1. Anatomy of a search input
A search input consists of numerous fields which allow you to collect data that is input from your users. You will typically find:
- Container: the bounding area of the form field
- Placeholder/Input text: text that is used to help the user before actual text is input
- Search button
- Padding top and bottom
- Padding left
Some considerations when building your inputs:
Clarify what users can search for: Your placeholder text should indicate what a user can search for. This will help manage their expectations for the results they will be presented with. Try and condense this message into a few words.
Consider the field size: Make the search field long enough for users to add in an appropriate amount of information or data and keep this visible. If you’re short of space you can add a mechanism where the box expands when selected.
2. Use a magnifying glass
You should always support a search box with a magnifying glass. The magnifying glass is a universally recognised sign for search and users will seek this out. Don’t overcomplicate the design as users will take longer to interpret the icon.

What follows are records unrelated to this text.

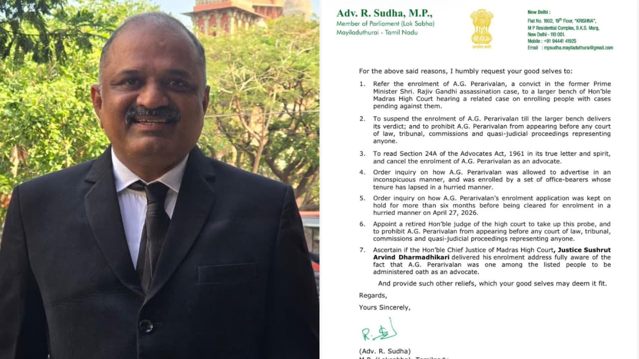 രാജീവ് ഗാന്ധി വധക്കേസിൽ ജയിൽമോചിതനായ പേരറിവാളൻ അഭിഭാഷകനായി എൻറോൾ ചെയ്തു. ഭീകരപ്രവർത്തനത്തിൽ ശിക്ഷിക്കപ്പെട്ടയാളെ കോടതിയിൽ ഹാജരാകാൻ അനുവദിക്കരുതെന്നും ബാർ കൗൺസിലിൽ നിന്ന് നീക്കണമെന്നും ആവശ്യപ്പെട്ട് കോൺഗ്രസ് എംപി രാഷ്ട്രപതിക്ക് കത്ത് നൽകി.
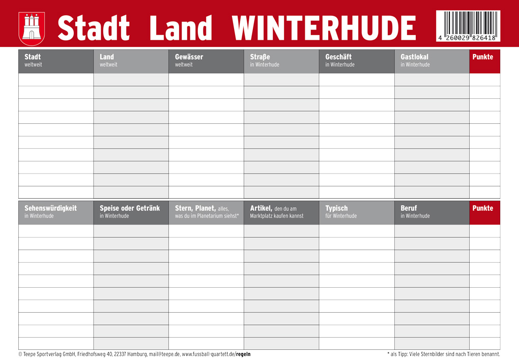 | Stadt Land Winterhude | Stadt Land Winterhude – ein Block mit 50 Seiten. Wer zuerst die Felder aller Kategorien ausgefüllt hat, ruft „fertig“. | € 5,00 | ![]() |
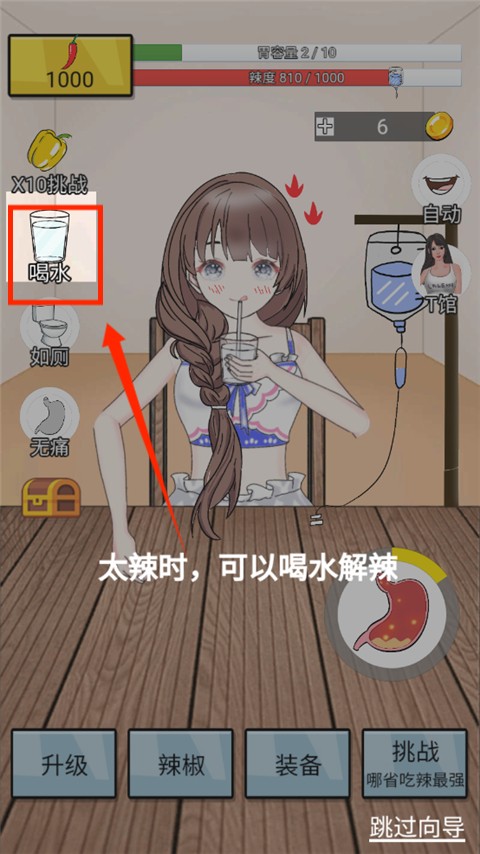 2、当感觉太辣难以忍受时,及时点击喝水按钮,降低辣度,保持角色状态,继续投入到后续的吃辣挑战中。
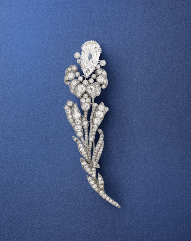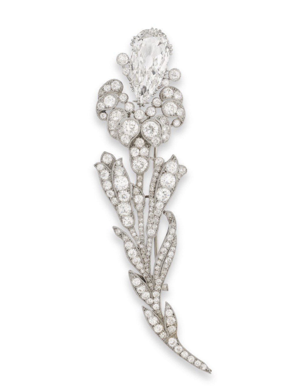 A Cartier Diamond Brooch, designed as a lily spray, set with a pear-shaped diamond weighing 4.55 carats, embellished with circular- and rose-cut diamonds, unsigned, French maker’s mark, with a mechanism allowing the diamond to be detached and worn at the centre of a three-strand cultured pearl necklace.
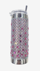 Indulge in a 20 oz tumbler of luxurious, vacuumed-sealed stainless steel. Whether you desire a hot or cold beverage, this double-walled tumbler will keep your drink at the perfect temperature. Adorned with a resin crystal design, each tumbler comes with a sophisticated food grade Triton screw on lid and straw. Packaged in an elegant velvet gift bag, it's the perfect indulgent treat for yourself or a loved one.
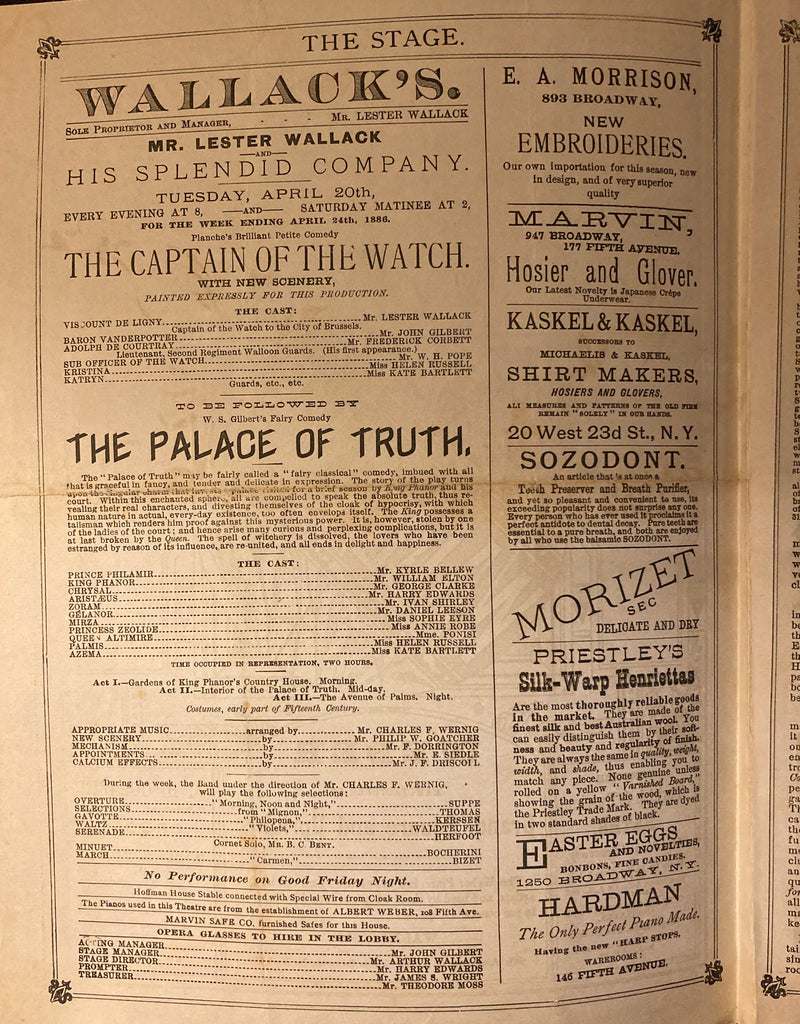 (W. S. Gilbert) Wallack's Theatre, NY. "The Captain of the Watch" followed by "The Palace of Truth." April 20, 1886.

Using the magnifying glass alone makes it much harder to locate the search. It also provides an additional click before users can input their query.
Auto-complete is a powerful tool that will support your users by guiding them on what they can search for. As you type into the search box, it tries to predict your query based on the characters you have entered. By providing options you can save your users’ time and clicks as well as supporting correct spelling and data entries.
Prefix matching is the most common type of auto-complete, where the search input matches the initial characters of the term. You can also use infix (intra-word) matching where the match could be anywhere in the search string.
It is also possible to provide users with actual results. This is a technique utilised by e-commerce sites when actual purchase options appear as you type. A few points to consider when implementing auto-complete:
- Style the data accordingly – make it clear how the data input matches the presented results
- Make sure you support keyboard navigation
- Consider how to break down the information returned and style this appropriately; for example, you may want to display recent searches and prefix matching
Autocorrect is a data validation tool that corrects the user’s input with the most probable match. It saves time and supports accessibility by supporting users that are dyslexic or have issues with spelling. I am dyslexic and often use autocorrect when typical spell checkers are unable to pick up certain mistakes. This is no accident – Google has a huge virtual dictionary consisting of all the words that people type while searching online, and it is constantly learning.
5. Location of the search bar
A study by A. Dawn Shaikh and Keisi Lenz with 143 participants found that participants expect to see the search bar at the top right or just generally at the top of the page. Wherever you place it, keep it obvious and consistently place it in the same location on all of your pages.
As UX evolves, you should consider incorporating new mechanisms such as voice commands. Put your user first when implementing search on your pages by considering what they are looking for and how you can make the experience as seamless as possible. Our job is to get the user to the right content as soon as possible.